----- EXTRACTED INFORMATION -----

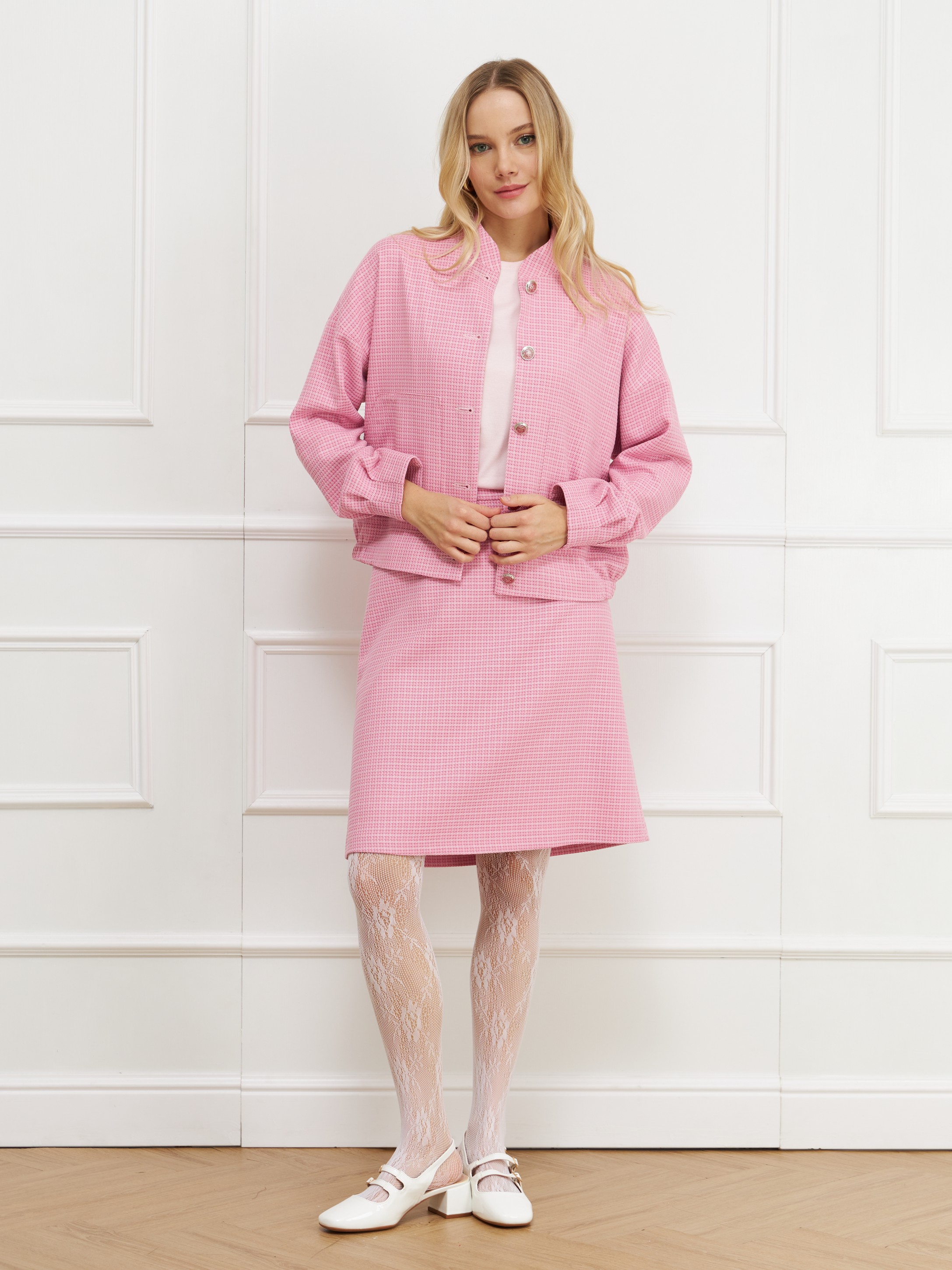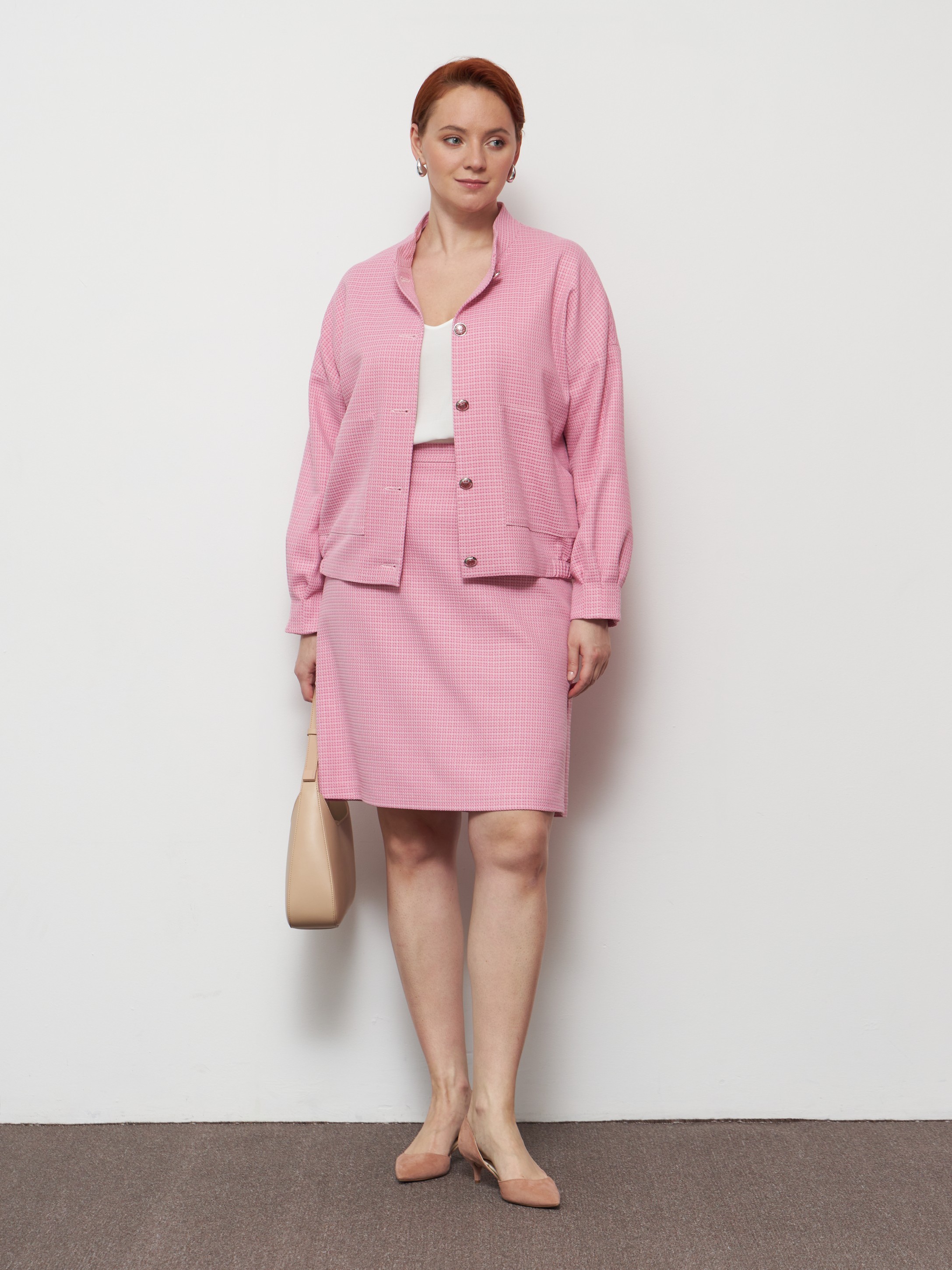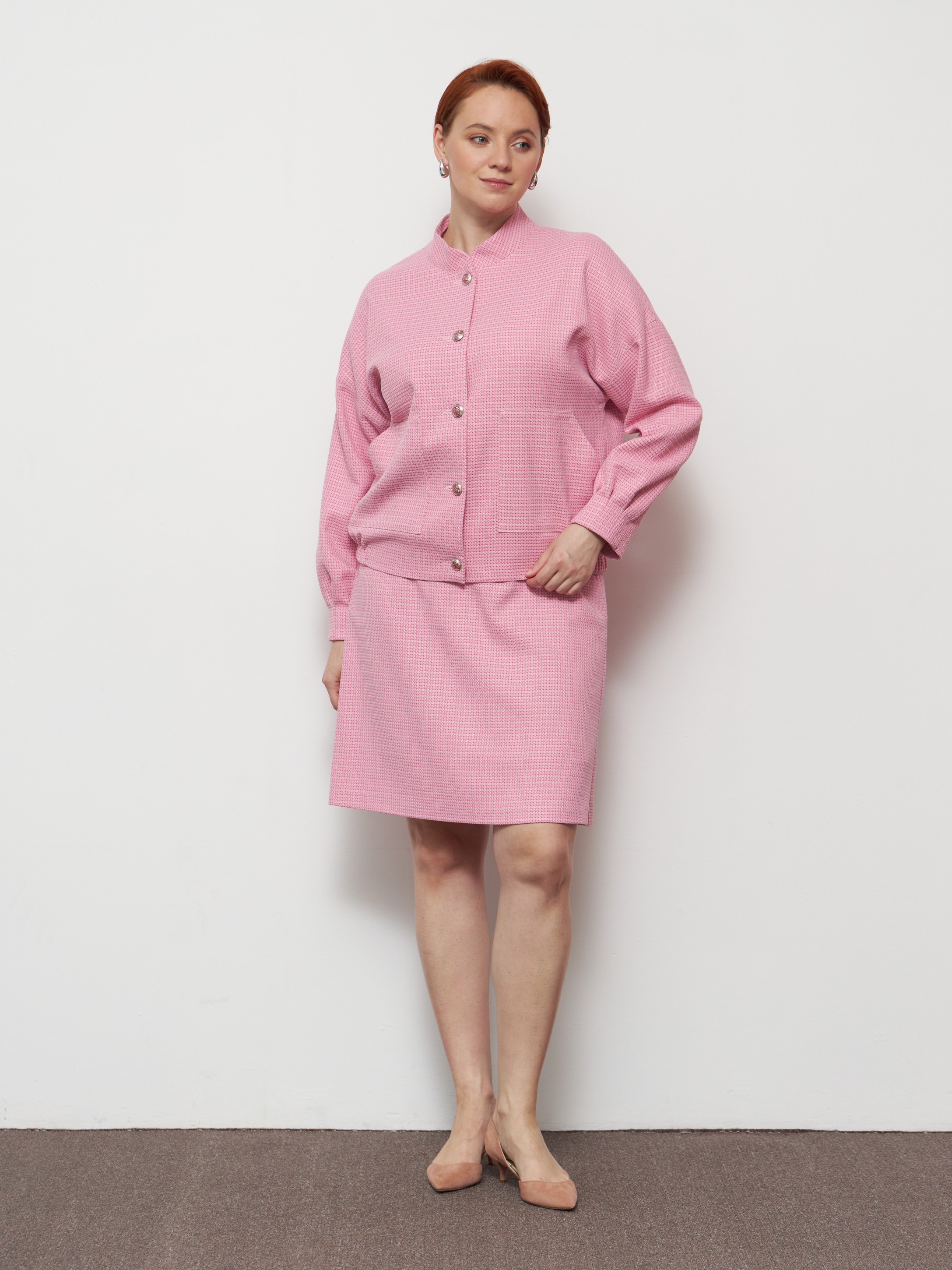 Жакет-бомбер нежного розового оттенка, застегивается винтажными пуговицами. Свободный воротник- стойка не облагает шею, мягкий силуэт со спущенной линией плеча не сковывает движения. Накладные карманы, складки по низу рукава и эластичные вставки по бокам придают расслабленность и мягкость. Модель сшили из прочного фактурного материала «пье-де-пуль» на основе дышащей вискозы. Внутри предусмотрели приятный телу эластичный подклад. На фото в паре Юбка А-2028 ЛМА(В5) и  Джемпер С-25 КЛС(В5).
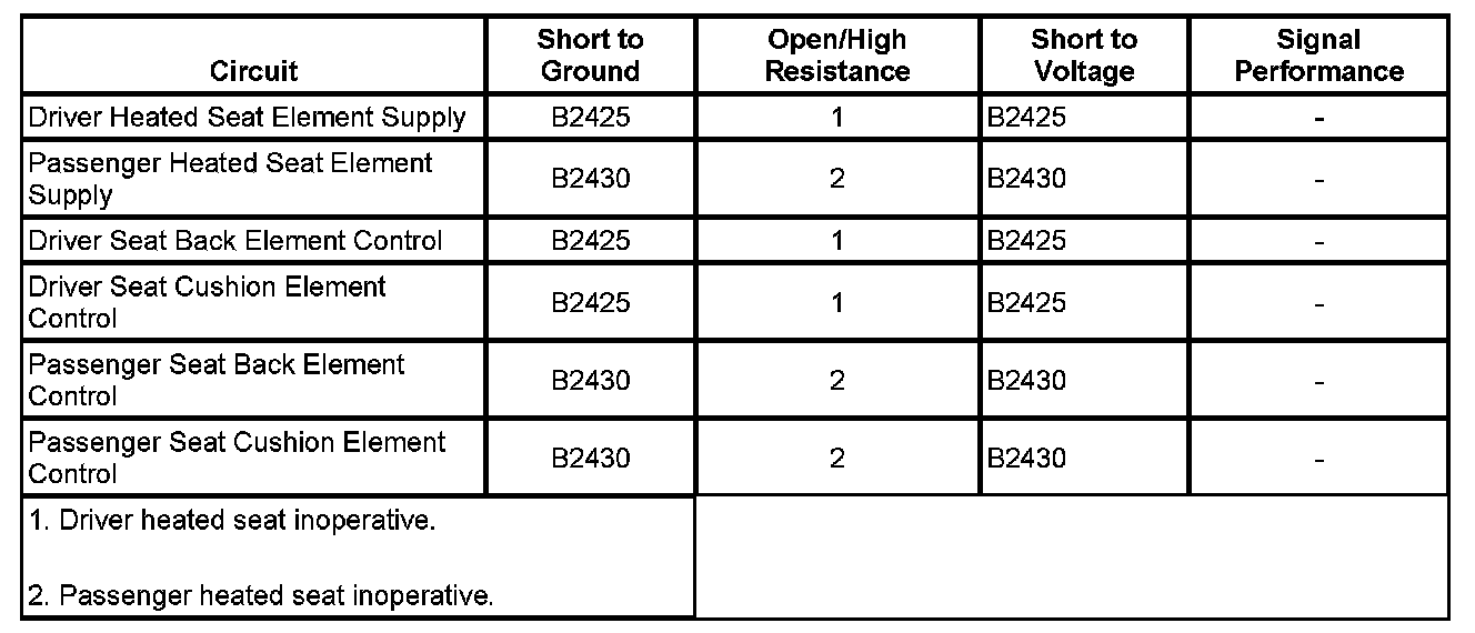 - Passenger Seat Heater Circuit
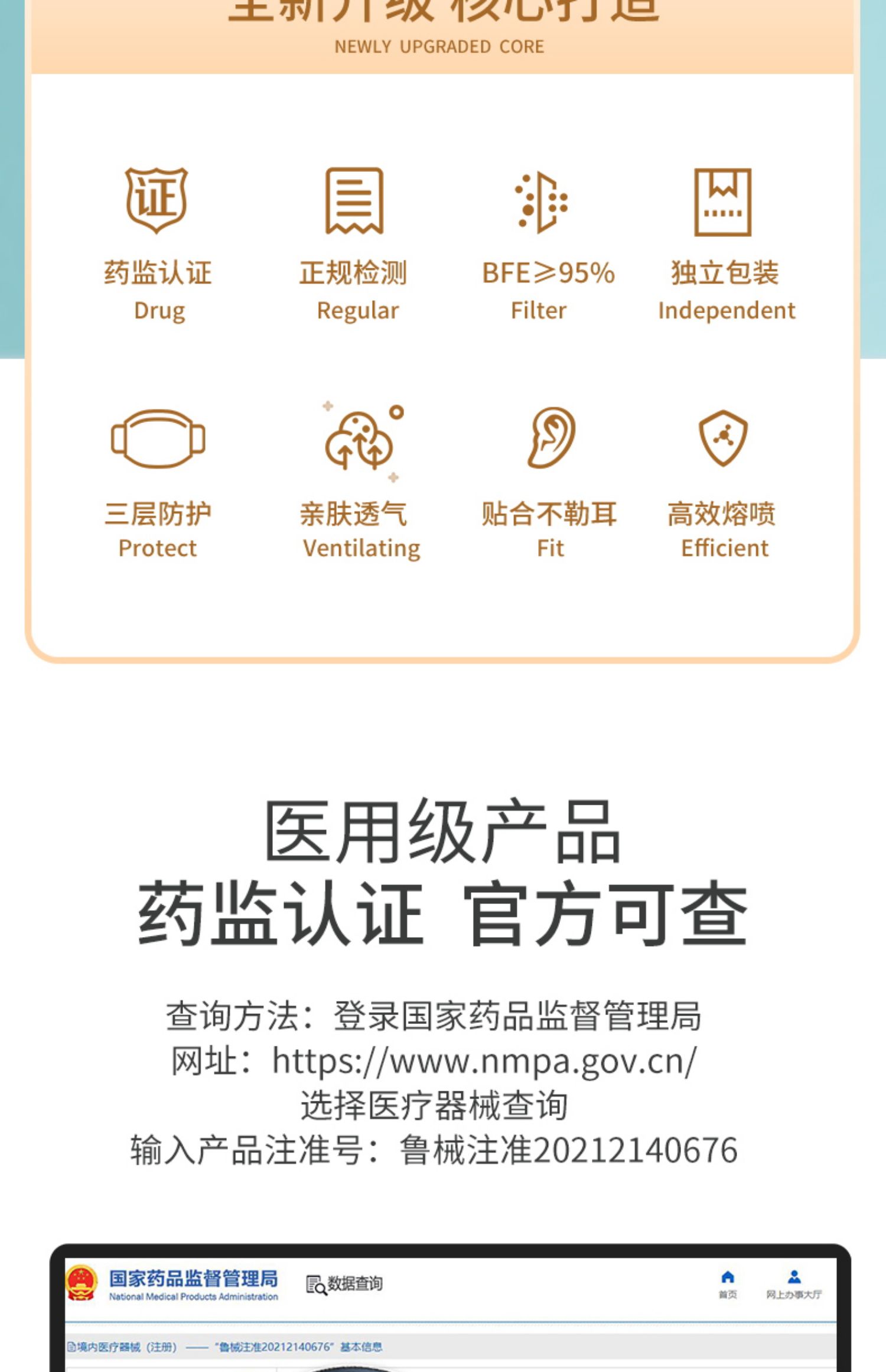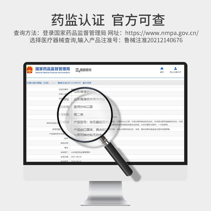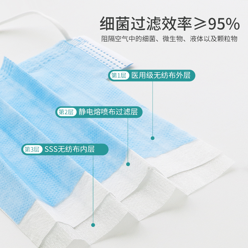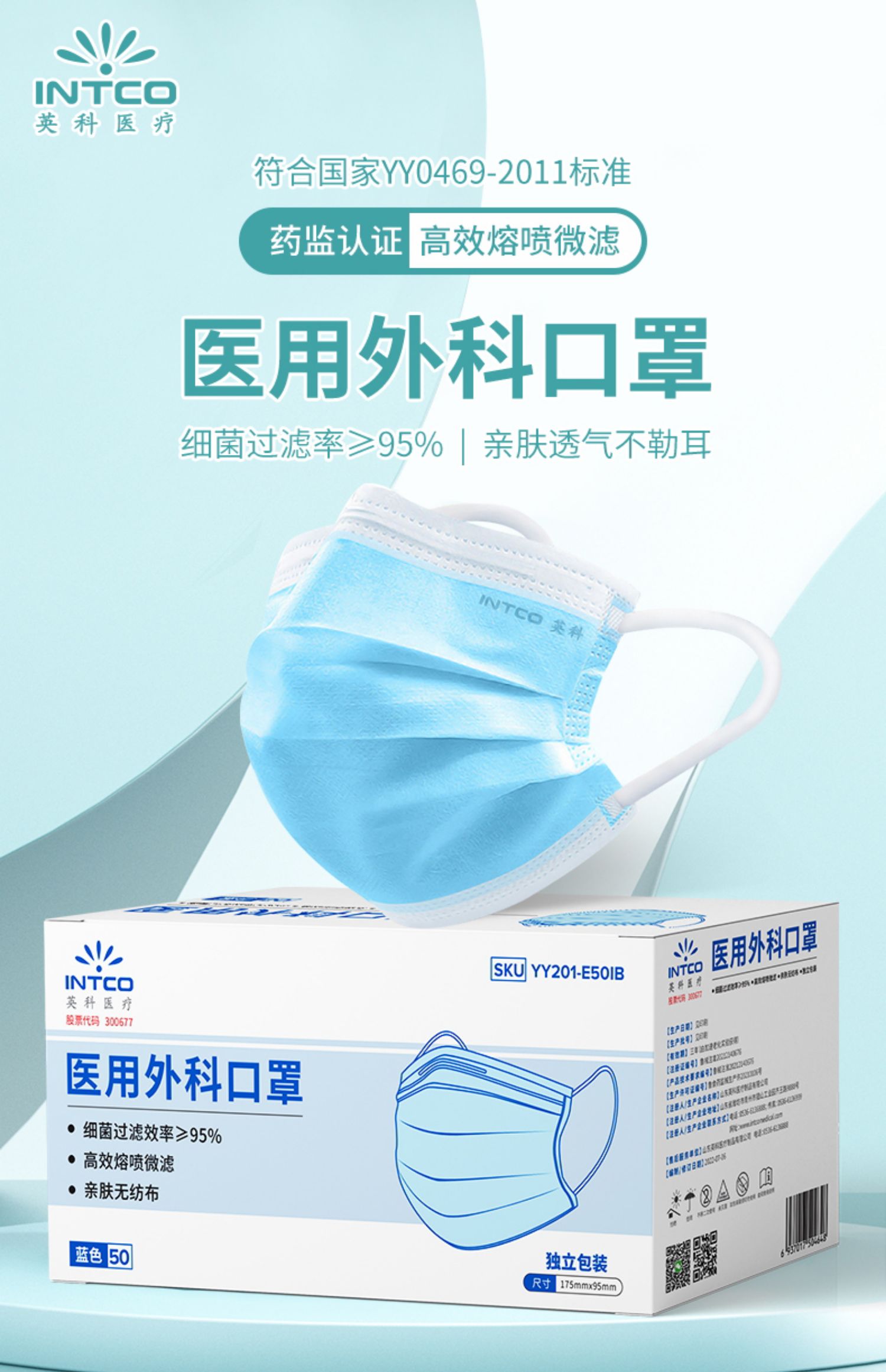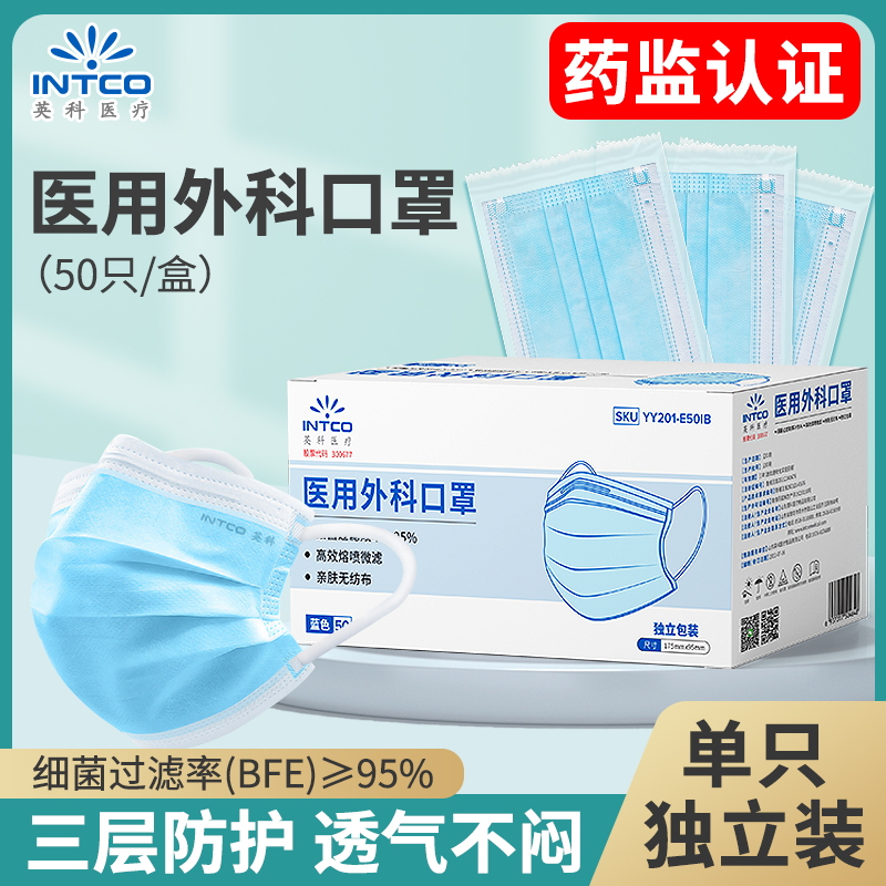 英科医疗一次性医疗口罩三层正品正规医用外科独立装防尘不勒耳
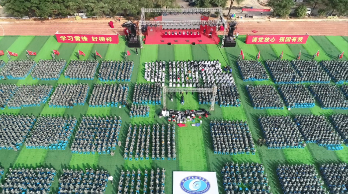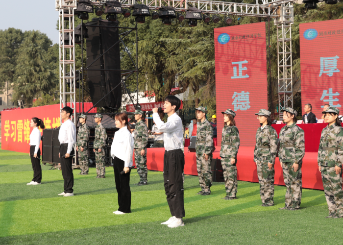 在聆听了4位在校生代表高亢激情的《青年颂词》后,全体新生进行了集体宣誓,立志成为有理想、有本领、有责任、有担当的新时代大学生。主席台前方,“请党放心,强国有我”“学习雷锋好榜样”标语,在阳光和青春的照耀下,熠熠生辉。
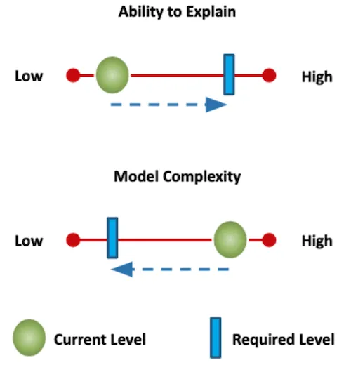 그리고, 이렇게 각 모델의 필요 설명 가능성과 현재 설명가능성을 정의할 수 있게된다면, 모델을 어떤 식으로 바꾸어야 하는지에 대한 계획을 세울 수도 있습니다. 위 그림처럼 Explainability 가 Necessary Explainability 가 작은 경우에는 모델 커스터마이징으로 어느정도의 Explainability 를 확보해야 하고, Explainability 가 Necessary Explainability 보다 큰 경우에는 정확도를 위해 모델 Complexity 를 증가시켜야 합니다.

-----

→ ACTIVITY
Exactly reproduce each record, leaving out any pictures.

→ TASK RESULT
 Жакет-бомбер нежного розового оттенка, застегивается винтажными пуговицами. Свободный воротник- стойка не облагает шею, мягкий силуэт со спущенной линией плеча не сковывает движения. Накладные карманы, складки по низу рукава и эластичные вставки по бокам придают расслабленность и мягкость. Модель сшили из прочного фактурного материала «пье-де-пуль» на основе дышащей вискозы. Внутри предусмотрели приятный телу эластичный подклад. На фото в паре Юбка А-2028 ЛМА(В5) и  Джемпер С-25 КЛС(В5).
 - Passenger Seat Heater Circuit
 英科医疗一次性医疗口罩三层正品正规医用外科独立装防尘不勒耳
 在聆听了4位在校生代表高亢激情的《青年颂词》后,全体新生进行了集体宣誓,立志成为有理想、有本领、有责任、有担当的新时代大学生。主席台前方,“请党放心,强国有我”“学习雷锋好榜样”标语,在阳光和青春的照耀下,熠熠生辉。
 그리고, 이렇게 각 모델의 필요 설명 가능성과 현재 설명가능성을 정의할 수 있게된다면, 모델을 어떤 식으로 바꾸어야 하는지에 대한 계획을 세울 수도 있습니다. 위 그림처럼 Explainability 가 Necessary Explainability 가 작은 경우에는 모델 커스터마이징으로 어느정도의 Explainability 를 확보해야 하고, Explainability 가 Necessary Explainability 보다 큰 경우에는 정확도를 위해 모델 Complexity 를 증가시켜야 합니다.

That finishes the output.